The anonymous donor who gave the city more than $78,000 about 18 months ago said Tuesday he stands by his original intention that the money should be used at the mayor’s discretion, including for the building of an uptown plaza if that’s what the city decides to do.
As reported last August, The Times-Gazette at that time requested and received from the city a copy of the letter from the donor, which included the man’s name.
As was reported then, “The Times-Gazette has respected the donor’s wish to remain anonymous, but has examined the letter he sent.” Interviewed by telephone on Tuesday, the individual again asked not to be identified.
The donation was in the amount of $78,168.64, and is from a private charitable trust that has a long history of philanthropic endeavors. The individual has been part of the Hillsboro and Highland County community for several decades.
A letter accompanying the funds stated, “It is my wish that the funds be used for a special project to benefit the citizens of Hillsboro. I would not want the funds to be used to pay accounts payable or any outstanding bills. The mayor shall have full discretion as to the direction of the funds. Thank you for this consideration from an anonymous donor and longtime resident of the city of Hillsboro.”
Once the money was given, the donor maintained no legal right to mandate how it is used, and even though on Tuesday he reiterated his hope that it would be used at Mayor Drew Hastings’ discretion, the mayor has acknowledged that council’s approval is needed before the funds are expended.
The individual said Tuesday that he thought the plaza proposal was a positive idea. He said he hoped his anonymity would be preserved because he does not want attention or credit for the gift, and wants nothing in return.
On Monday, Hillsboro City Council unanimously approved a plaza recommendation from the Property, Maintenance and Restoration Committee to, as chair Ann Morris described it, “move forward with a more detailed plan, which would enable cost estimates to be gathered, which would then allow an educated decision to be made concerning the plaza, to share with the public.”
Council President Lee Koogler said the recommendation did not mean the town square was approved to be built, but that it instead expressed council’s decision to continue pursuing the plan and gather more detailed information about its overall impact.
Morris said that “conceptual ideas” regarding the plaza would include additional parking spaces, and bricks used for walkways at the plaza, in keeping with the historic look.
Morris said the administration is working to attract a hotel to the uptown area, and there has been “rapid progress” on developing uptown residential living with more people looking for uptown apartments, making it important to create entertainment venues in the area. She said the city has received reference letters from business owners and the Hillsboro Uptown Renaissance Project in support of creating an uptown plaza.
She said funding the town square could happen through both private and public funds.
She said the city has been talking with Paint Creek Joint EMS/Fire District, and Paint Creek has agreed to work out a plan to access equipment if the plaza is built.
“Chief (Bradley) George does not anticipate this to be a problem,” said Morris.
Morris said there have been four public meetings held about the plaza, two at the county administration building, and two more at the fire house community meeting room.
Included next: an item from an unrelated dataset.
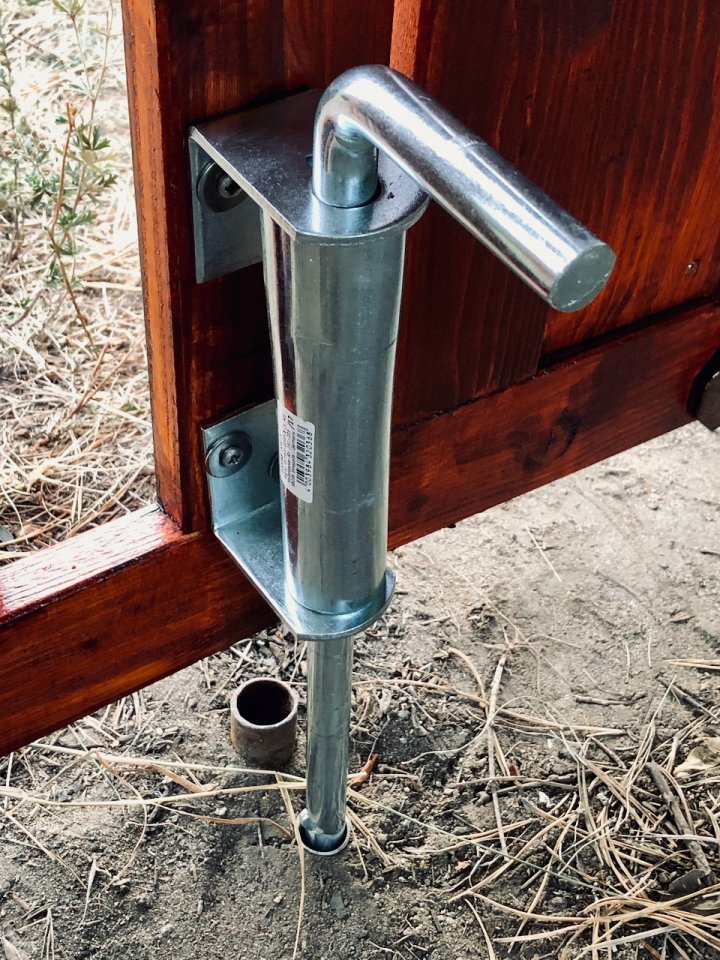 Hinter dem großen Flügel befindet sich dieser Riegel. Den könnt Ihr mit einem Griff durch die Zaunslatten einfach anheben und dann behutsam das Tor öffnen. Ihr werdet sehen, dass sich dort zwei Löcher befinden, in die der Bolzen des Riegels reinpasst. Wenn Ihr den Riegel wieder einsetzt, nehmt bitte das kleinere weiße Kunststoffloch (wie im Foto). Das ist momentan noch ein Interim und wird demnächst durch ein anständiges Metallrohr ersetzt.

She said a public survey was available to take online, and more than 300 responded “with a strong majority of those in favor of the plaza concept.”
Pam Limes, Democratic candidate for mayor in November, was present at Monday’s council meeting. She has come out against the plaza, saying there are too many unanswered questions.
She said last week that the city should hold a public meeting specifically designed for citizens to weigh in. She noted that the public meetings held by the plaza design committee were for discussion of the design, not whether people wanted the plaza.
“We need to have a true public meeting,” said Limes.
She said no one has yet presented a plan spelling out how much the plaza will cost, that no plans have been made in regard to what will happen to the Paint Creek fire department’s ability to access the south-facing bay door that now enters onto Gov. Trimble Place, where the proposed plaza would be built.
Limes said that despite claims that the plaza would help businesses in the uptown area, there is “nothing that proves that,” such as a formal study.
“There is too much we don’t know to make an informed decision at this point,” she said.